Vice Governor of Sulu
- Incumbent
- Assumed office June 30, 2025
- Governor: Abdusakur Tan II
- Preceded by: Abdusakur Tan II
- In office June 30, 2013 – June 30, 2016
- Governor: Abdusakur Tan II
- Preceded by: Benjamin Loong
- Succeeded by: Nurunisah Abubakar-Tan

Member of the Philippine House of Representatives from the First District of Sulu
- In office June 30, 1987 – June 30, 1992
- Preceded by: Post created
- Succeeded by: Bensaudi Tulawie

Member of the Municipal Council of Jolo
- In office 1981–1987

Personal details
- Born: July 13, 1950 (age 76) Maimbung, Sulu, Philippines
- Party: Lakas–CMD (2008–2012; 2024–present)
- Other political affiliations: PDP (2018–2024) Liberal (until 1992; 2012–2018) KAMPI (2007–2008) PMP (2001–2007)
- Spouse: Nurunisah Abubakar
- Children: 5 (inc. Samier, Shernee and Abdusakur II)

= Abdusakur Mahail Tan =

Filipino politician (born 1950)

Abdusakur "Sakur" Mahail Tan (born July 13, 1950) is a Filipino politician who served as the vice governor of Sulu since 2025, a position he previously held from 2013 to 2016. He served as governor of Sulu from 2019 to 2025, a position he previously held from 2007 to 2013 and from 1996 to 2001.

==Background==
Tan is of Chinese-Tausug descent and was born on July 13, 1950, in Maimbung, Sulu, the eldest child of Abubakar Tan (former mayor of Maimbung) and Satriya Mahail. He attended high school at the Notre Dame of Jolo for Boys and obtained a bachelor's degree in 1983 from the Notre Dame of Jolo College.

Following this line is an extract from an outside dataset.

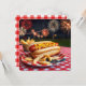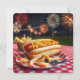 En varm korv med ordet "AMERIKA" skrivet i senap placeras på en patriotisk flaggduk med pommes frites.

He is married to Nurunisah Abubakar-Tan, former Vice Governor of Sulu (daughter of former Jolo mayor Habib Aminkandra N. Abubakar) and has five children.

==Political career==
Tan established a political base in Jolo by aligning himself with the Abubakar and Isquerdo families. He served first as a municipal councilor of Jolo (1981–1987), then as the representative of Sulu's first congressional district (1987–1992) and as governor (1996–2001). He lost the 2001 election to MNLF leader Yusop Jikiri but won the governorship a second time in 2007 with 110,715 votes. In 2010 he won re-election, beating rivals Munir Arbison and Nur Misuari by over 24,000 votes.

===2010 Zamboanga City airport bombing===
Tan was among 12 persons injured when an improvised explosive device (IED) exploded at the arrival area of Zamboanga International Airport in August 2010. The attack was suspected to target Tan himself. The explosion occurred a few days after a suspected member of the regional terrorist group Jemaah Islamiyah (JI), Edgar Malaydan, was arrested in Monkayo, Compostela Valley.

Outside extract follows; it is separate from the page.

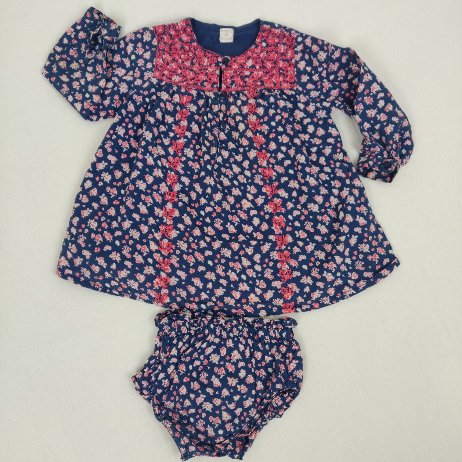 Autres commentaires : Robe manches longues bleu en fleurette, col rond 3 boutons accompagné d’une petite culotte du même motif. Petit défaut: petite tâche dans le col.

===2026 Bangsamoro election===
On May 18, 2024, Tan announced that he would forego another term as governor in the 2025 local election and challenge Murad Ebrahim as Chief Minister of the Bangsamoro in the 2026 parliamentary elections during a rally in Maimbung. He received support from the BARMM Grand Coalition composed of the Serbisyong Inklusibo-Alyansang Progresibo Party, Al-Ittihad–UKB Party, Tan’s Salam Party, and the Bangsamoro People's Party.

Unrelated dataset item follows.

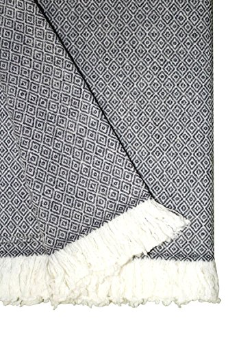 Lorenzo Cana – Luxus Kaschmirdecke, 100% Kaschmir, flauschig weiche Wohndecke,grau weiß, Decke handgewebt Sofadecke Wolldecke – 96175

Tan presumably became ineligible to run for chief minister after the Supreme Court ruled on September 9, 2024 that Sulu was not part of the BARMM due to a majority of its voters choosing not to join the region in a 2019 plebiscite. Tan and his son, Abdusakur Tan II, had previously opposed Sulu's inclusion into the BARMM, with the latter, in his capacity as governor of Sulu, filing the petition that led to the Supreme Court decision. Tan welcomed the Supreme Court ruling despite its implication on his Chief Minister bid, believing that the province's exclusion from the autonomous region would be beneficial economically in the long run.